Multi-Turn with Tool Results

{
  "model": "openai/gpt-5.3-codex",
  "input": [
    {"type": "message", "role": "user", "content": "What's the weather in Tokyo?"},
    {"type": "function_call", "call_id": "call_xyz", "name": "get_weather", "arguments": "{\"location\":\"Tokyo\"}"},
    {"type": "function_call_output", "call_id": "call_xyz", "output": "{\"temp\":22,\"condition\":\"sunny\"}"}
  ],
  "tools": [
    {
      "type": "function",
      "name": "get_weather",
      "description": "Get the current weather for a location",
      "parameters": {
        "type": "object",
        "properties": {
          "location": {"type": "string"}
        },
        "required": ["location"]
      }
    }
  ]
}

Structured Output

Use the text.format field to request JSON output conforming to a schema:

{
  "model": "openai/gpt-5.3-codex",
  "input": "List 3 programming languages with their year of creation.",
  "text": {
    "format": {
      "type": "json_schema",
      "name": "languages",
      "strict": true,
      "schema": {
        "type": "object",
        "properties": {
          "languages": {
            "type": "array",
            "items": {
              "type": "object",
              "properties": {
                "name": {"type": "string"},
                "year": {"type": "integer"}
              },
              "required": ["name", "year"],
              "additionalProperties": false
            }
          }
        },
        "required": ["languages"],
        "additionalProperties": false
      }
    }
  }
}

Reasoning

Control the model's reasoning behavior with the reasoning parameter:

{
  "model": "openai/gpt-5.3-codex",
  "input": "Prove that the square root of 2 is irrational.",
  "reasoning": {
    "effort": "high",
    "summary": "auto"
  },
  "include": ["reasoning.encrypted_content"]
}

When include contains "reasoning.encrypted_content", reasoning output items will include an encrypted_content field that can be passed back in subsequent requests for continuity.

Supported Models

Currently, only OpenAI GPT models are supported on the Responses API:

Provider	Models
OpenAI	`openai/gpt-5.3-codex`, `openai/gpt-4.1`, `openai/gpt-4.1-mini`, `openai/o3`, `openai/o4-mini`

Note: Claude and Gemini models are not supported on /v1/responses.
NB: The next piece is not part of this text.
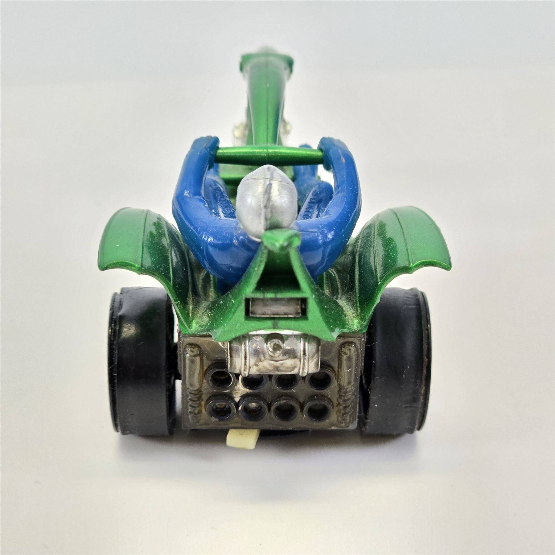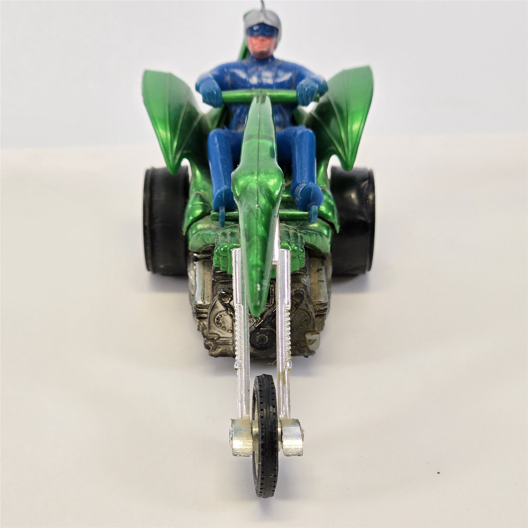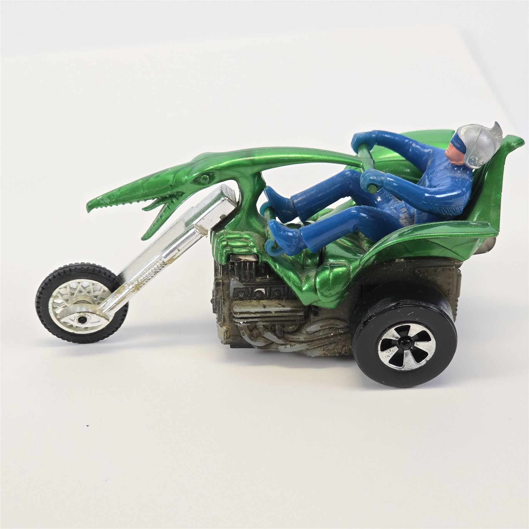 Overall nice condition with typical wear to chrome finish. Plastics appear all intact. Blue Fin rider is intact. Wheels are in nice condition. Bumper claw is missing.

Use the appropriate native API endpoints instead. Image-only models are also not supported on this endpoint.

Limitations

previous_response_id is not supported — pass full conversation history in input instead.
background and truncation parameters are not supported.
web_search tool type is only supported when using native OpenAI models via the GPT Responses passthrough.
File and image inputs are supported via input_image content parts with image_url.